Anche a noi pare di ricordarci altrettanto.
Ruysch.
Sia come voi dite: benché tutti quelli coi
quali ho avuta occasione di ragionare sopra questa materia, giudicavano
molto diversamente: ma, che io mi ricordi, non allegavano la loro esperienza
propria. Ora ditemi: nel tempo della morte,
mentre sentivate quella dolcezza, vi credeste di morire, e che quel diletto
fosse una cortesia della morte; o pure immaginaste qualche altra cosa?
Morto.
Finché non fui morto, non mi persuasi mai di
non avere a scampare di quel pericolo; e se non
altro, fino all'ultimo punto che ebbi facoltà
di pensare, sperai che mi avanzasse di vita un'ora o due: come stimo che
succeda a molti, quando muoiono.
Gli altri
morti.
A noi successe il medesimo.
Ruysch.
Così Cicerone dice che nessuno è talmente decrepito, che non si
prometta di vivere almanco un anno.
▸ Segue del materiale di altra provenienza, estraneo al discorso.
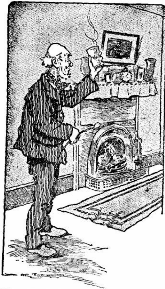
“Mr. Wilks drank to the health of both of them.”

The wind had abated somewhat in violence as they walked home, and, moreover, they had their backs to it. The walk was slower and more enjoyable in many respects than the walk out. In an unusually soft mood she replied to his remarks and stole little critical glances up at him. When they reached the house she stood a little while at the gate gazing at the starry sky and listening to the crash of the sea on the beach.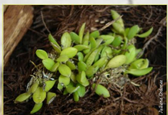
Pleurothallis graveolens Pabst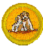
Dog Care AM Limit 10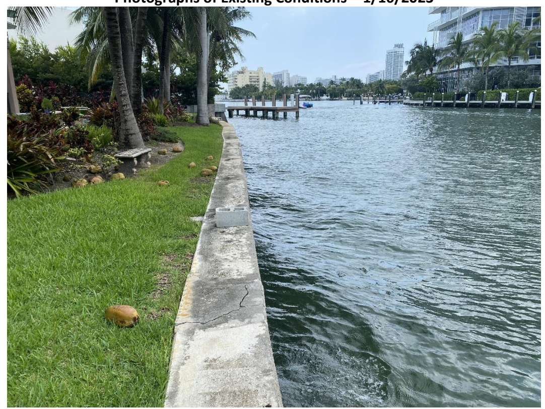
Photograph 1: View of existing seawall and yard facing east.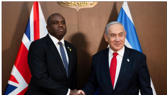
Labour foreign minister 'proud' to serve the genocidal regime.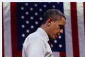
Obama in Jeopardy Page 9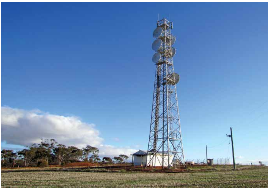
Tammin mobile tower

"This in turn enhances safety and convenience for people living in and visiting regional Western Australia and ultimately breaks down the digital divide between regional and urban areas," Ms Mackenzie said.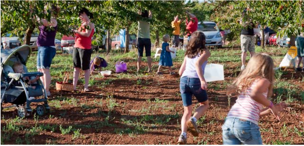
Cherry Harvest, August 2011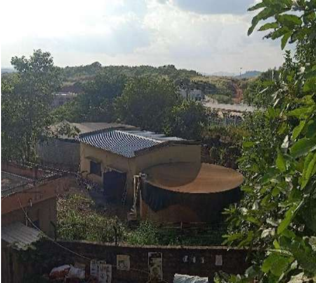
Plate 5. Aerial view of WTP in SSU

Through all these ways, we are bringing nature into higher education, water education, and every effort is made towards green infrastructure, living infrastructure, green campus, environment, and sustainability, and preventing water contamination.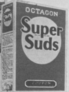
No waste—no undissolved soap—no chance of soap spots or film on dishes. Super Suds is perfect for washing machines too.

The BIGGEST box of soap on the market for 10¢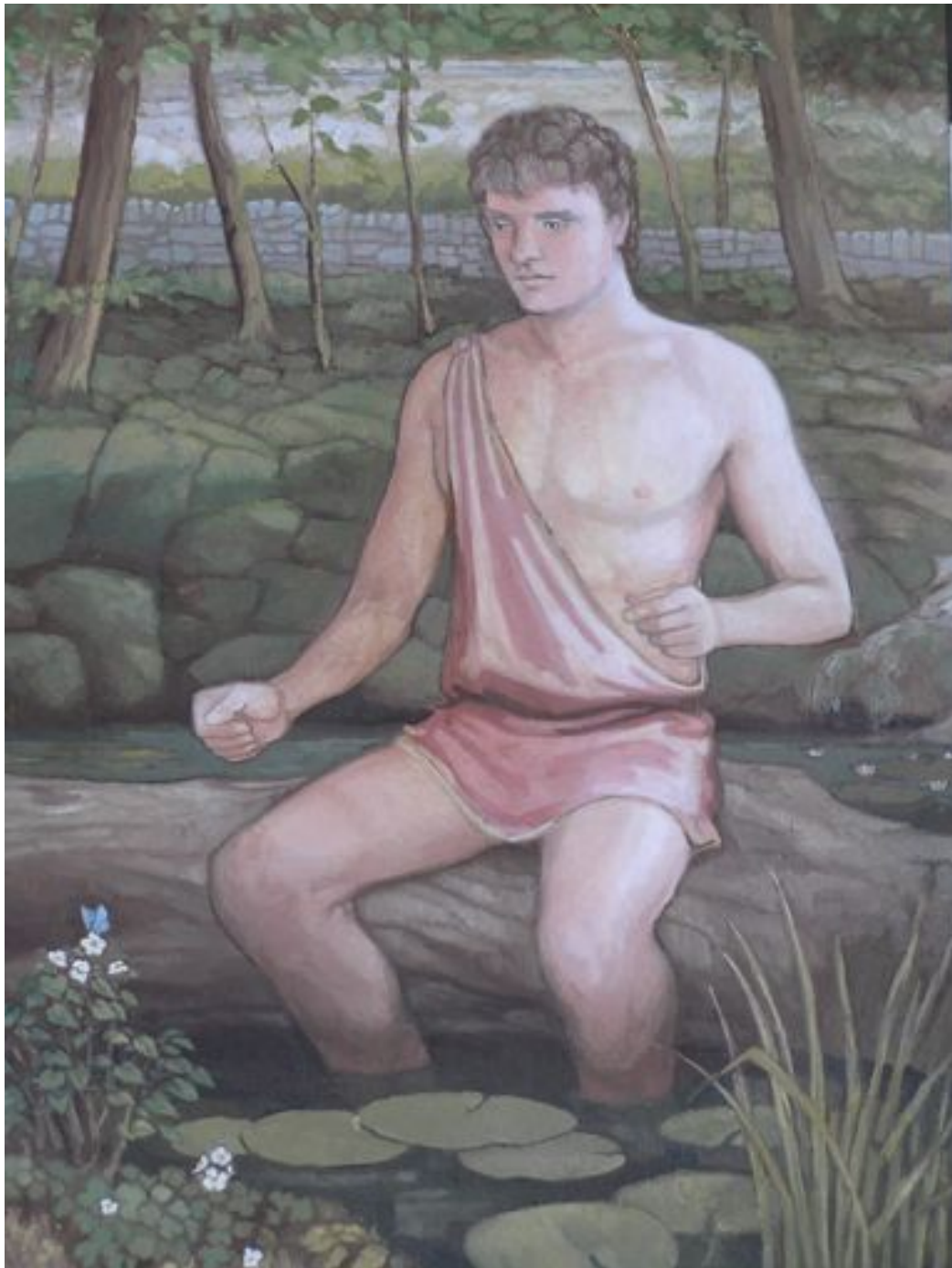
2. Daphnis (2008)

upon Daphnis for the first time with the eyes of love, although he is unaware of it and she can't give a name to what she feels. 'I'm in pain and I've not been injured,' she says, 'I'm burning hot yet here I am sitting in the shade...' For the time being Daphnis' gaze is fixed upon a blue butterfly whose transient beauty echoes his own but soon he will experience the same longing that she does. Rarely have the pangs of teenage love been described more delicately: 'they wanted something but they did not know what they wanted...' Many obstacles are placed in the way of the lovers before they finally make their nuptial vows but all ends happily and not just on the wedding night.

Ma come vi
accorgeste in ultimo, che lo spirito era uscito del corpo?
Dite: come conosceste d'essere morti? Non rispondono. Figliuoli, non
m'intendete? Sarà passato il quarto d'ora. Tastiamogli un poco.
Sono rimorti ben bene: non è pericolo che mi abbiano
da far paura un'altra volta: torniamocene a letto.